Но спокойно ли жили мы? От Любови Николаевны мы ушли, а – куда? Да и не ушли, как помните, а поспешили. Мы – это Филимон, я, Серов, а за нами и Михаил Никифорович. Вырвавшись из квартиры дяди Вали будто бы из жидкости пузырьками газа, мы перешучивались на улице, но не освобожденно, а скорее нервно. Обсуждений не затевали, а разлетелись кто куда. В коротких же пересмешках (Михаил Никифорович молчал) чаще всего подскакивали и кувыркались слова «капитуляция», «пленная», «контрибуция», «раба», «берегиня», «чепуха-то какая!». Казалось, очевидной и объяснимой была потребность в смехе, причем в утробном, школьном, который, начавшись тихо в уголку, чуть ли не под партой, затем выворачивает весь класс и не может прекратиться. Опять мы оказались внутри игры, описание которой в сборниках для затейников могло быть напечатано рядом с правилами горелок или «я садовником родился»… Но очищающего смеха не случилось. Да и до смеха ли было? Выходило, что прав оказался Филимон Грачев: куда бы мы ни удалялись от Любови Николаевны – она была.

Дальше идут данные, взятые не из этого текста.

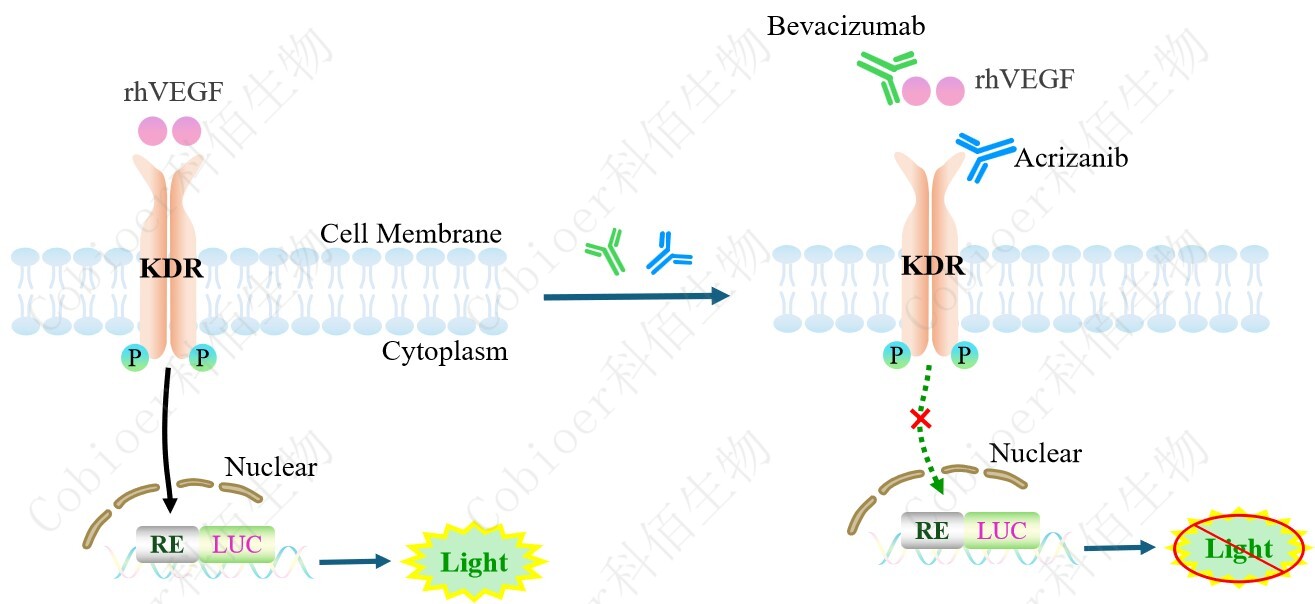 VEGF(KDR) Effector Reporter Cell 報(bào)告基因藥靶模型很好的模擬了體內(nèi) VEGF(KDR)的信號轉(zhuǎn)導(dǎo)過程,原理見下圖所示。

И нам предстояло всегда помнить о том, что она есть и что удаление от нее временное или обманное, и если выйдет крайний случай, можно будет ее и попросить… Предстояло жить в соблазне воспользоваться особенными возможностями. Мне от этого было не по себе. И можно было предположить, что и Любовь Николаевна обязана держать нас в поле знания, чтобы в случае нужды не опоздать и не оплошать в исполнении своей роли в мироздании. Но не захочет ли она тогда и без всякого крайнего случая опять принудить нас к чему-либо, на ее взгляд, благородному и целесообразному? Однако тек песок в аптекарских часах. И дня через три я уже думал о Любови Николаевне спокойнее. И даже новости пункта проката не настораживали и не вызывали мысли об энергии Любови Николаевны, они вполне объяснялись энергией Шубникова. Тем более что он обещал на нее не опираться. Зная же о стараниях городских служб быта устроить московским жителям совершенство благ, и удивляться было нечему.